Sunday, September 28, 2014

Anniversary Harvest

We wanted to eat cake. Really we did. A wedding cake that was frozen in time so that a momentous day could be celebrated one year later. Instead, we harvested grapes and made grape juice as we stayed up way past bedtimes and then no one was hungry for wedding cake and I am not sure where the evening (or the cake) went.

I am not sure where the last year went either. A year ago today this is what we looked like, what we were doing. The day was much like today. Sunny, a little chilly, but a beautiful Fall day with friends and family. A good day, one of the best ever.

One year... 365 days...8760 hours. No matter how you look at it, the time flew by. Now the newlyweds aren't so "newly" but they are still blissfully wed. And as much as I loved the wedding day, the days since have been sweet as well. Not perfect because life gets busy, work gets in the way and sometimes the silence stretches on too long, but I look forward to the Sunday afternoons when we are all together to enjoy the laziness, the random text messages that say (although maybe not in these exact words) "I'm thinking about you", the birthday suppers, the "hey, are you at home" moments, and the "Can I stop by?"kind of days.
Yes, life goes on. Wedding days are full of promise, full of what the future holds, and hearts full to the point of overflowing. The days after have those days of crazy love, wonderful Saturdays spent together, the knowing that "goodbye" can simply be "goodnight" and the parting need not happen. Yes, life continues to be good and what the wedding day planted is now being harvested.
A year ago, we were dressed up, looking fine. Today, it is more relaxed, both in the pace and the style.
Instead of rushing to get hair styled, nails filed and makeup in place ready for smiles, I hit pause. I thought about grapes. 

I mean, its not every day that pink shoes fit the ticket and the other day, instead of setting up Morguen Toole with a vintage popcorn and candy bar, setting up table decorations and decorating the church, Lisa-Anna and I picked grapes. Another kind of harvest.
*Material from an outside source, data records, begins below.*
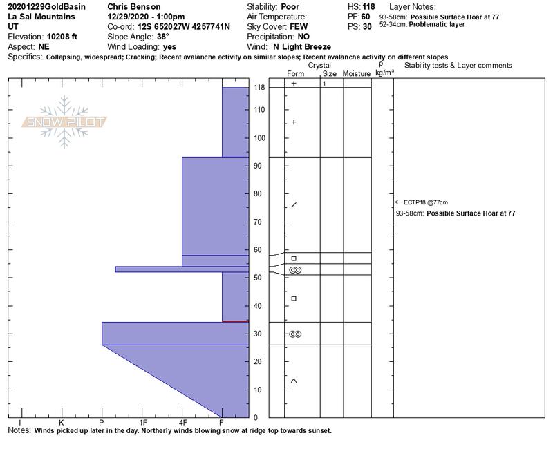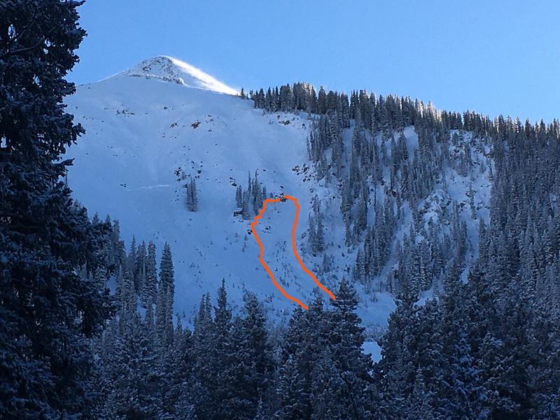 First natural cycle of the season. After an extended dry spell, 12"-20" of snow accompanied by mod-strong SW winds placed a significant load on a shallow and fragile snowpack. Did not get close enough to observe the crown but snowpits dug that day, and up to this point throughout the season, revealed a stratified and faceted snowpack, with the primary layer of concern being a weak layer of loose facets from early November storms sitting on top of a faceted, knife hard, melt-freeze layer formed in late October. We also observed a weak layer higher up in the snowpack that failed with a score of ECTP18, and this could also be the culprit, but due to widespread sensitivity and collapsing on the deeper, faceted layer above the crust at 35 cm, I'm inclined to believe that is the weak layer involved here.
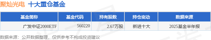 持有聚灿光电最多的基金为广发中证2000ETF,目前规模为0.54亿元,最新净值1.4529(10月15日),较上一交易日上涨1.64%,近一年上涨49.87%。该基金现任基金经理为夏浩洋。
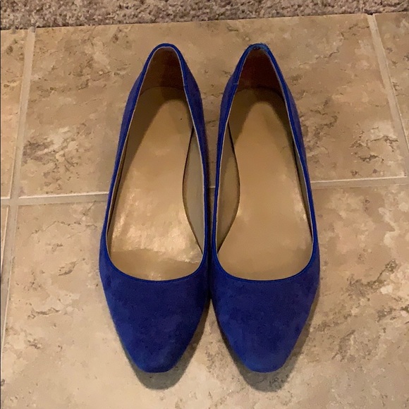 Blue Talbots flats. Fake suede. Moderately used but still in good condition. Has the slightest of heal.
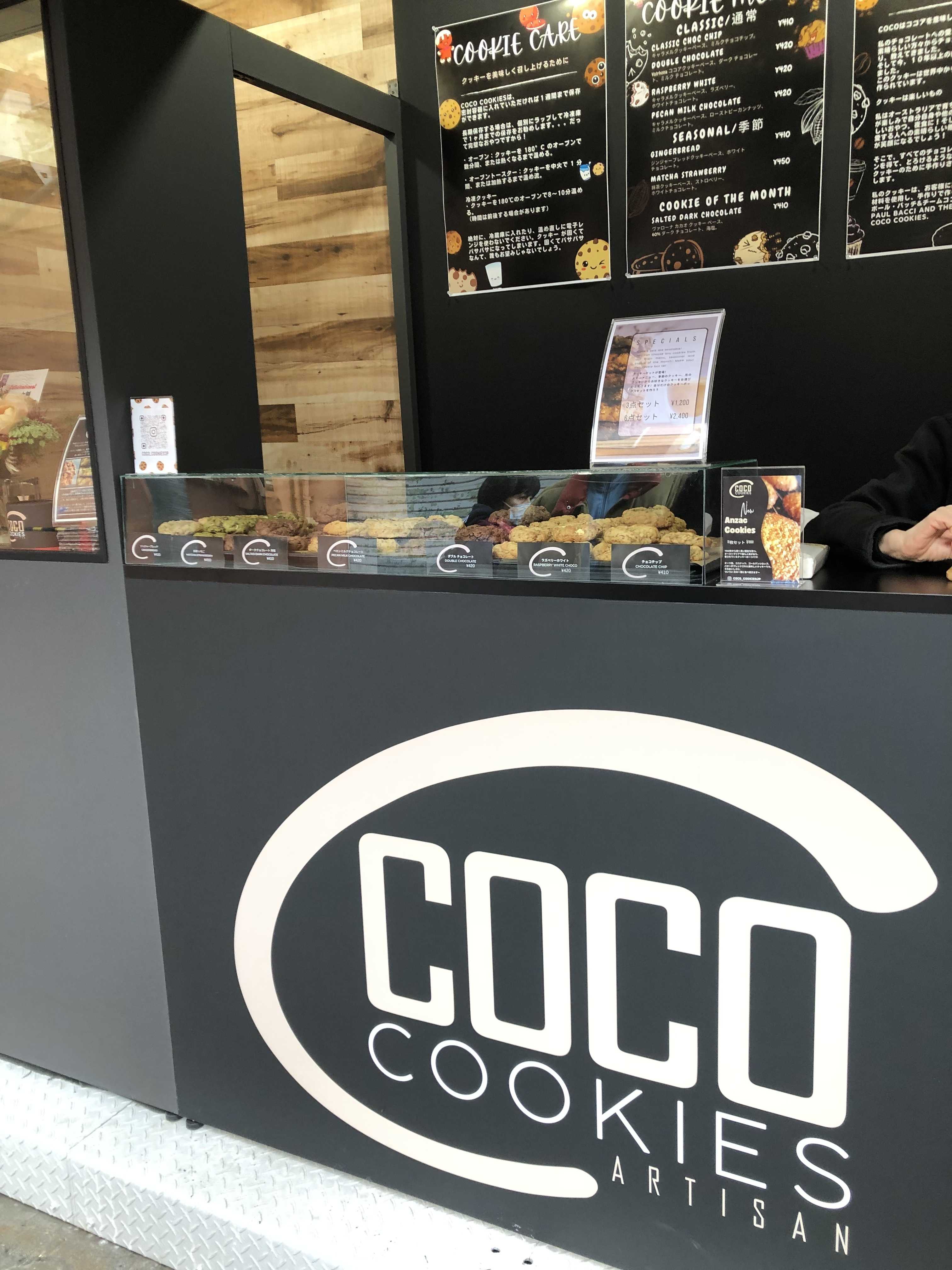 CO CO COOKIES です。焼きたてのクッキーが並んでいます。
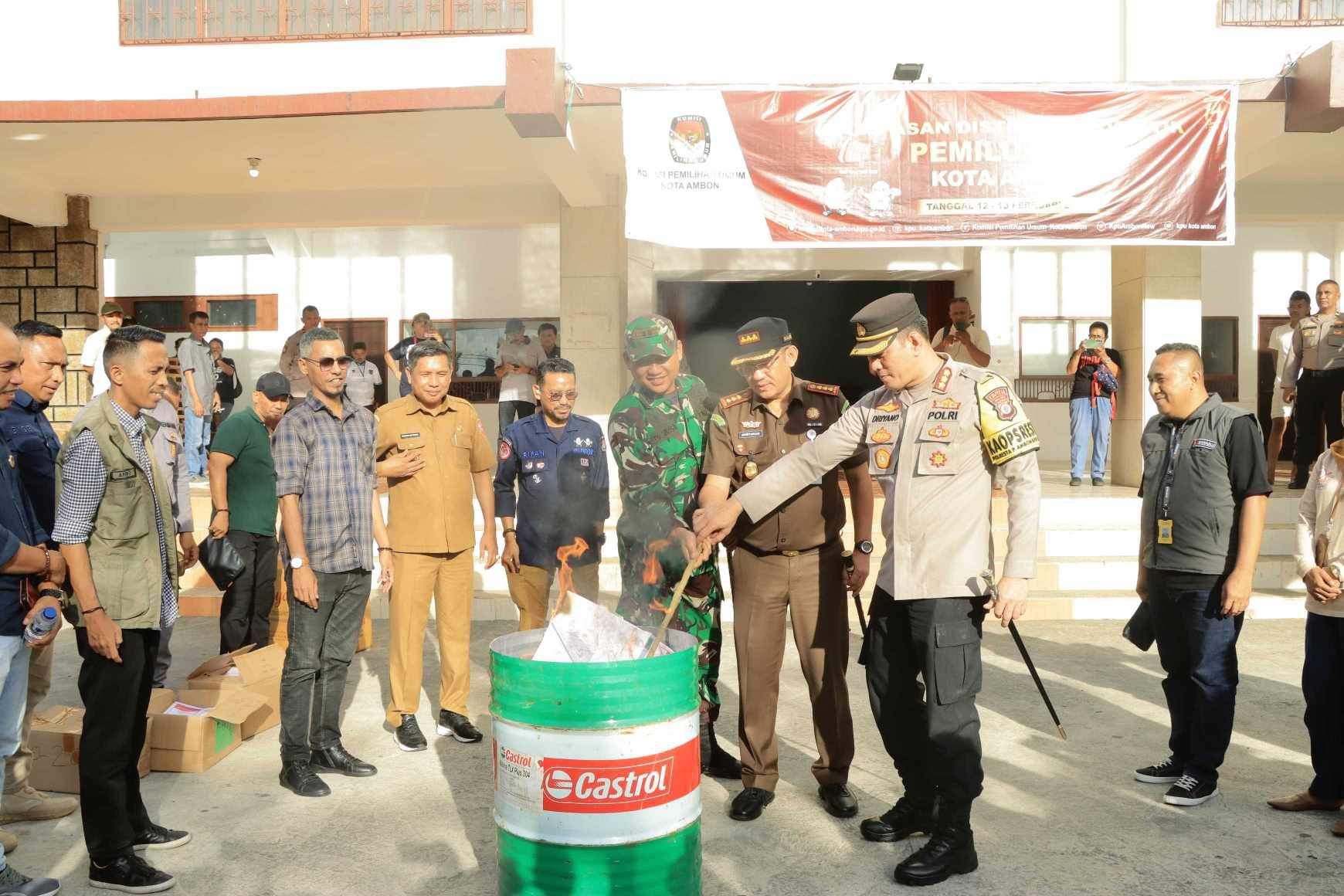 AMBON,TABAOSNews.com.- KPU Kota Ambon melakukan pemusnahan kertas suara rusak yang disaksikan, Kapolresta Pulau Ambon dan Pp Lease, Kombes Pol Driyano Andri Ibrahim, Pj Waalikota Ambon, Bodewin Wattimena, Dandim 1504/Ambon Letkol Inf. Leo Octavianus M. Sinaga, Kajari Ambon Adhryansa, Ketua Bawaslu Provinsi Subair, Ketua KPU Kota Ambon M. Seddek Fuad, Ketua Bawaslu Kota Ambon Albert. J. Talabessy, Kordif KPU Kordif Teknis KPU Rudi Layn, Kordif P3S Bawaslu Kota Ambon Suminar Sehuwakim. Pemusnahan dipusatkan di Sporthall Karang Panjang Ambon dengan cara dibakar di halaman depan gedung Sport Hall Ambon, Selasa (13/2).

The vines were loaded. I don't think we even made a dent in what was there. Yeah, kinda like life. 
Life comes at us fully loaded. I just might make a dent. 














Did I mention that sometimes grape juice making can get a little messy? Maybe not in your house, but in my house, oh yeah. It gets ugly. All it takes is one rogue hose spraying scalding grape juice and well, you can see for yourself. But messy though it may be and even though the evening got later and later and soon it was in the wee hours of the morning, the results are worth it.

Okay, another life analogy. I can't help it. Life can get messy and ugly too sometimes. Not just in the big ways, but in the little things like bad moods, sour attitudes, harsh words that can't be erased….

Just like those hot spritzes of grape juice that spattered all over my stove. When they land on your skin, they burn. It hurts.

Now, how do I put all that together? Weddings, wonderful days, grape picking???

It's like this. Each day is given to us. Some days are for planting seeds, other days are for gathering the harvest in. Many days, it's just about letting life grow us. Waiting. Watching. Wondering. Hoping. Praying. Crying. Laughing. Resting.

Today I am remembering a good day. I've seen growth and it is good. Sweet. Like grapes. And this is only the first year's yield.

Love,
Dianne

Thursday, September 18, 2014

Sinking Confessions

At some point in every woman or man's life there comes a time when that ominous area beneath the kitchen sink has to be addressed. My time was yesterday. I am not sure why or how it happened, but suddenly I found myself on the floor, pulling items out as if there were no tomorrow.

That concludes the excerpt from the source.